Rare pulmonary disease and orphan drugs: a path to the future

In this issue of the European Respiratory Review (ERR), we are delighted to publish a series of articles on rare pulmonary diseases discussing hot topics presented at the 8th International Meeting on Pulmonary Rare Diseases and Orphan Drugs, which took place in Milan, Italy in March 2019. The meeting was endorsed by the European Respiratory Society and the European Reference Network – LUNG; a network of healthcare providers dedicated to the care and investigation of patients suffering from rare respiratory diseases approved by the European Commission's Board of Member States in December 2016 (https://ec.europa.eu/health/ern/networks_en) [1].

This international meeting, which is held every 2 years, is entirely dedicated to the management of rare pulmonary parenchymal and vascular diseases and rare variants of more common respiratory conditions (such as severe refractory asthma and pulmonary complications of particularly common therapies). In recent years, the interest for rare diseases has grown in the entire medical community, and many respiratory physicians were pioneers in this field of medicine. The tremendous progress has been made possible by several factors, including a more appropriate classification (i.e. pulmonary hypertension and idiopathic pulmonary fibrosis (IPF)), the collective effort of research by the respiratory medicine community and progress in terminology of rare diseases by Orphanet (www.orpha.net). Important factors for the success of this fight were also: the emergence of coordinated action against rare diseases by health authorities in several western countries and at the European level; the role of patient associations, which raised awareness, funding and, in some cases, facilitated clinical trials (as in the case of lymphangioleiomyomatosis for the MILES trial); and investment by major pharmaceutical companies, itself fostered by orphan drug legislation [2].

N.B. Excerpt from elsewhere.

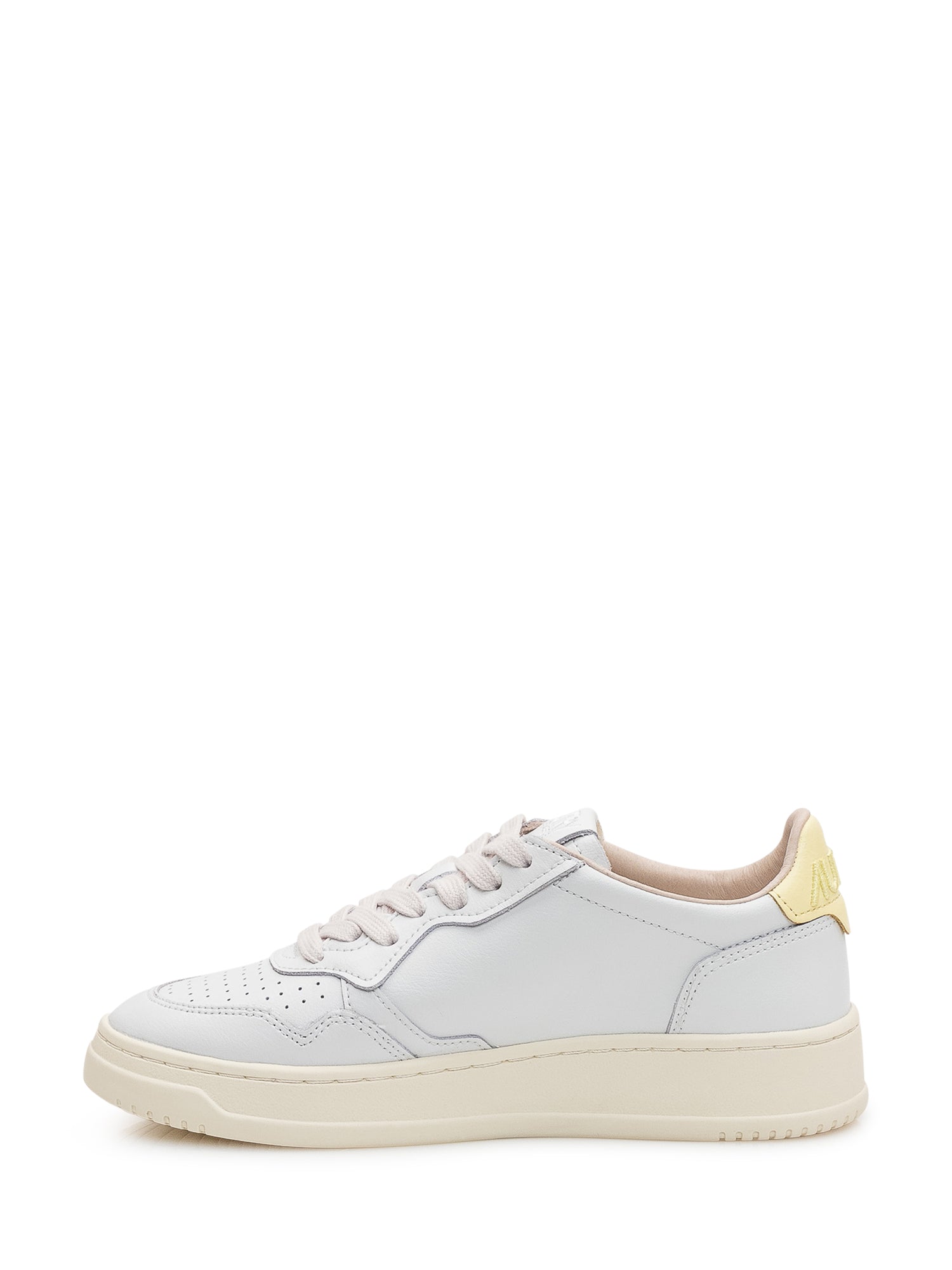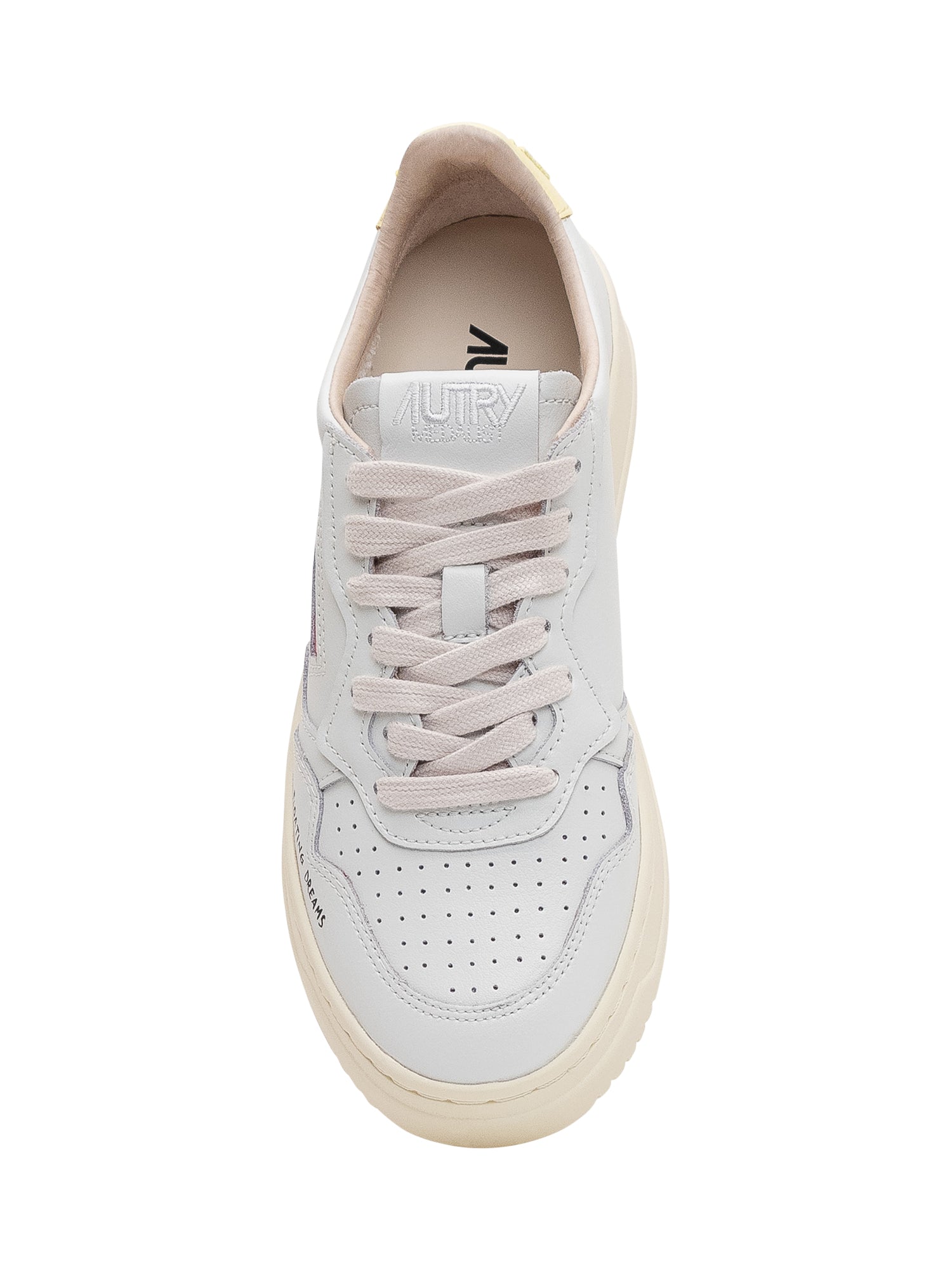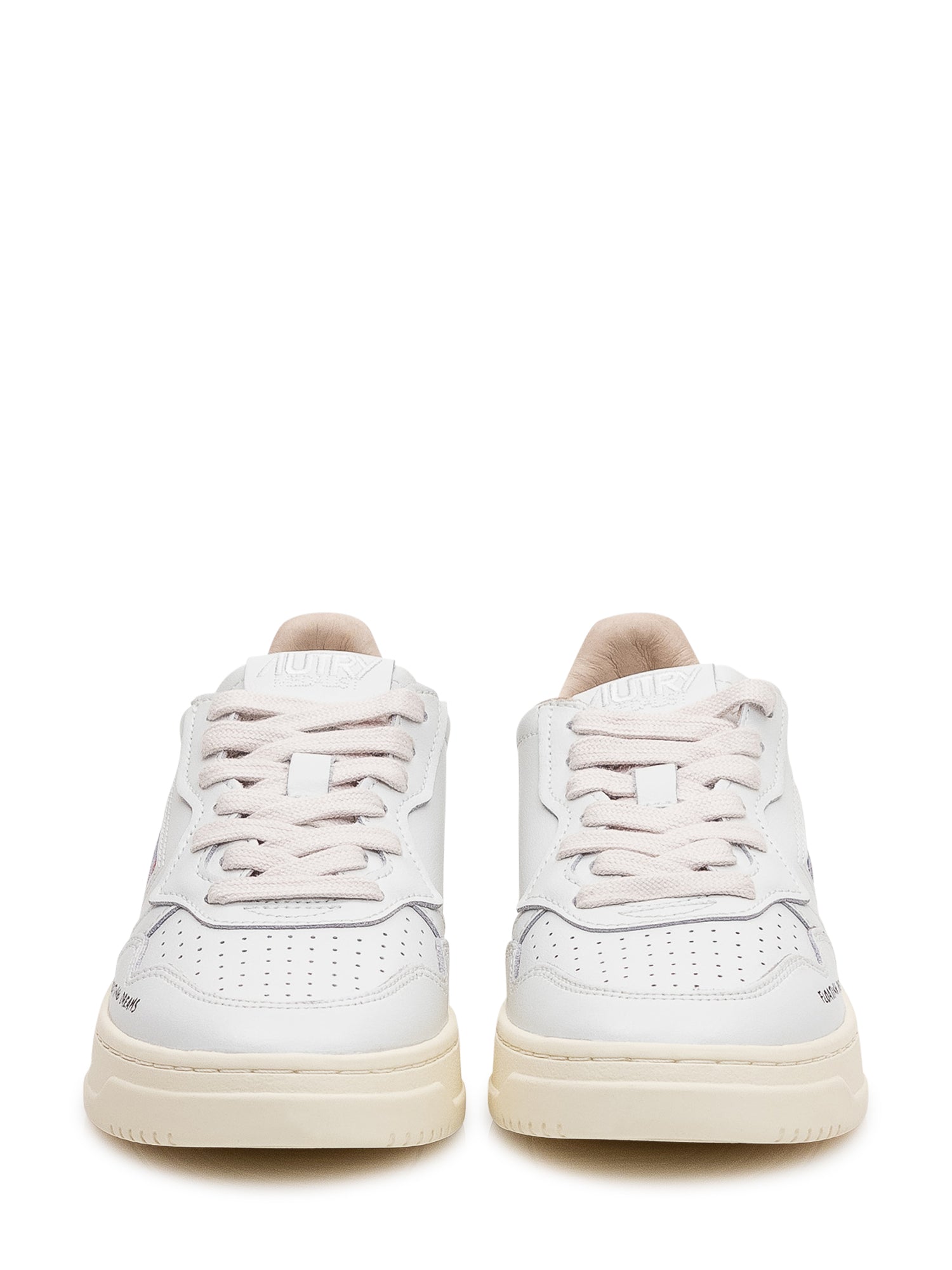 Leather sneakers featuring flat sole and perforated toe. Side lettering details and contrast heel tab add a signature finish.

However, by far the paradigm of the research in this field and in the development of orphan drugs is pulmonary artery hypertension; this disease has greatly benefited from the establishment of an international network of research focused on understanding the complex pathogenesis and development of the illness [2]. The registration of more than 10 different drugs, with important impact on outcomes as well as quality of life of patients suffering from this disease, witnesses the strong effort made in the last 20 years to help clinicians, patients and relatives fighting this devastating pulmonary vascular disease.

In recent years, the ERR has published several articles on rare pulmonary diseases and orphan drugs. The publication of these reports from the 8th International Meeting on Rare Pulmonary Diseases and Orphan Drugs goes further in this direction. Furthermore, a new series on rare genetic interstitial lung disorders will be published in the coming months. We believe that rare diseases represent an important field of medicine not only for those pulmonologists who are skilled in diagnosing and treating particular groups of these illnesses, but also for all respiratory physicians. Sharing knowledge and exchanging updates among experts on different areas of clinical and basic research in respiratory medicine, with different specialised pulmonary medicine expertise, from vascular to interstitial lung diseases, is part of the stimulating challenge of providing new insights into science and clinical care, thus helping patients and supporting doctors [3].

The proceedings from this meeting includes several review articles that focus on rare pulmonary diseases written by outstanding experts, providing an update on new issues and difficult problems in the management of those illnesses. Different aspects of IPF are discussed, starting from what we learnt from basic science. Yanagihara et al. [4] have written an excellent state-of-the-art review on our knowledge of this disease. Borie et al. [5] provide a very clear and updated overview on the genetics of interstitial lung disease, which helps understand when to suspect genetic abnormalities and when to ask for genetic screening. The therapy of IPF and future perspectives are presented by Somogyi et al. [6], while Collins and Raghu [7] present the very hot topic of antifibrotic treatments for non-IPF fibrotic interstitial lung disease, which is also discussed in the editorial from Cottin [8]. Finally, Caminati et al. [9] deepen the important issue of the clinical impact and management of comorbidities in IPF patients, who are often old and with a history of smoking.

Pulmonary hypertension is the other major topic with Weatherald et al. [10] providing an overview of pulmonary artery hypertension screening in systemic sclerosis, while Elia et al. [11] debate the difficult issue of looking at future perspectives of pulmonary hypertension in chronic lung disease. Finally, Cadranel et al. [12] face an increasingly new problem, pulmonary complications of immune checkpoint inhibitors and present it in the context of nonsmall cell lung cancer.

We thank the ERR for hosting these selected articles and hope the readers will enjoy them. The slide presentations from the 8th International Meeting on Pulmonary Rare Diseases and Orphan Drugs are available from www.pulmonaryrarediseases.com.